Every species which goes extinct represents, if nothing else, information lost to us forever.

DF: But that is still an argument based on the value of a species to humans, which is what several of us have put forth already. Am I missing something?

Yes, but it also assumes that all species can have potential value, not just those which obviously do. As such, I don’t think it is as clear-cut which ones we can “safely” get rid of, even assuming a purely selfish motive (granted, I do not agree with the “only keep 'em around if they’re useful” argument; I put it out there for those who do ascribe to the more selfish philosophy as yet another reason to keep 'em around).

I think it can also be said that there are things that other animals can learn from each other (and as such the element of “but only if it’s useful to us” need not be introduced), so to speak. The recent posts in Ben’s “Creationist Challenge” thread re: the evolution of the eye seems to be one.

As soon as we can , the DNA of all these endangered species should be recorded; this will be a huge task, but the next few centuries will almost certainly be marked by incresaed human pressure on the environment.
This is inevitable and unstoppable- there is no point saying humanity is a bad thing and should be eradicated by retroactive birth control…

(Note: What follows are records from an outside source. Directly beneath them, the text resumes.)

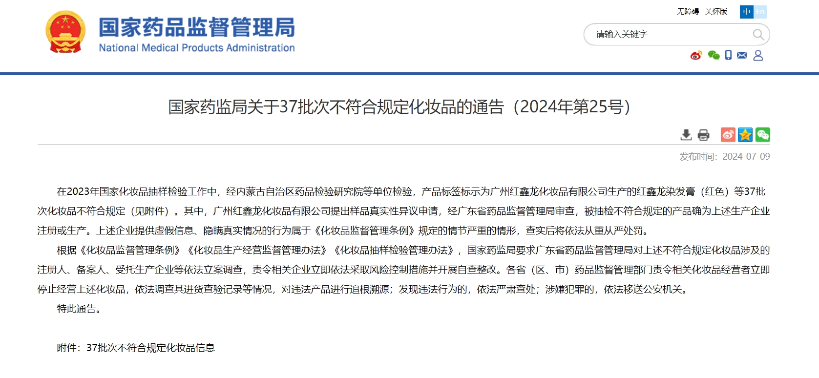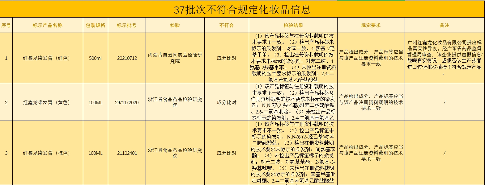 值得注意的是,广州红鑫龙化妆品有限公司对标示批号为20210712的红鑫龙染发膏(红色)提出样品真实性异议申请。经广东省药品监督管理局审查,被抽检不符合规定的产品确为上述生产企业注册或生产。上述企业提供虚假信息、隐瞒真实情况的行为属于《化妆品监督管理条例》规定的情节严重的情形,查实后将依法从重从严处罚。
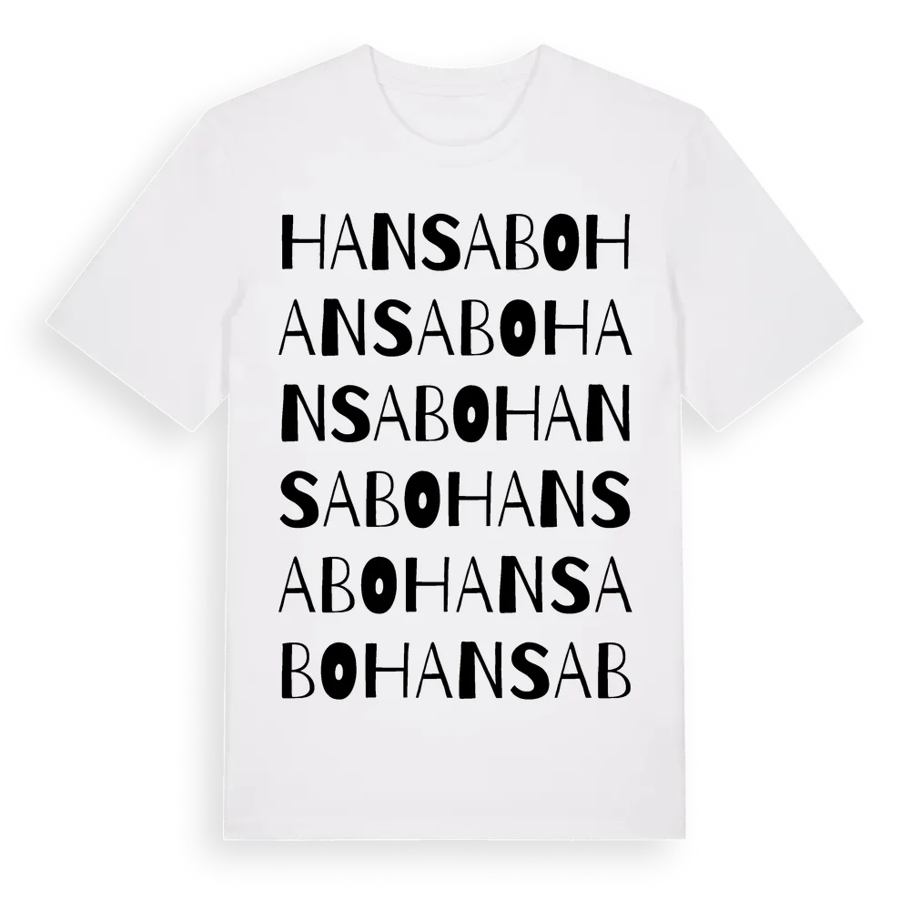 Hansabo ordlek t-shirt är inspirerad av Hansabo i Hallands län, Sverige. Tröjan är designad för dig som har en speciell koppling till platsen – oavsett om du bor här, har rötterna här eller bara älskar Hansabo.
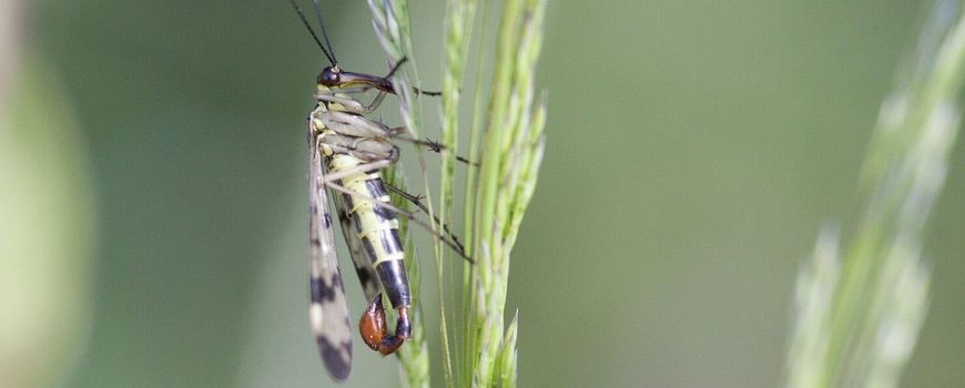 Nature TodayMet zijn lange snuit, een tijgerprint op zijn vleugels en zijn flinke formaat ziet de schorpioenvlieg er gevaarlijk uit. Zijn naam suggereert ook niet veel goeds. Hun naam danken ze echter niet aan hun giftigheid of angel, maar aan het tangvormige aanhangsel dat bij de mannetjes aan het achterlijf zit. Ze krullen dat omhoog, en dat doet wel wat denken aan een schorpioen. Ze kunnen er niet mee steken en gebruiken hem alleen bij de paring. Hun lange steeksnuit zullen ze niet snel in een mensenhuid prikken, ze gebruiken hem om andere insecten te doorboren en leeg te zuigen. In Nederland leven vijf verschillende soorten schorpioenvliegen, maar de verschillen zijn erg klein. Wist je dat schorpioenvliegen een trucje hebben om niet aan een spinnenweb te blijven kleven? Nog veel meer leuke weetjes over de schorpioenvlieg zie je in dit filmpje.

I have every confidence that we will be able to produce stable environments to support the creatures that survive this current diversity bottleneck, and allow the ones which will only exist as saved DNA to become viable once again.

Resources -
everyone considers material resources to be limited on this world- ok, so where are they going? A few atoms escape at the top of the atmosphere; the rest are all still here, waiting for us to use them.
The Sun gives us enough energy to allow us to arrange those elements as we require- a thousand times more energy than we currently use, and more if we go off planet.
The resource that is disappearing is the information contained in the DNA of the endangered species- lose that and no amount of imported energy will get it back.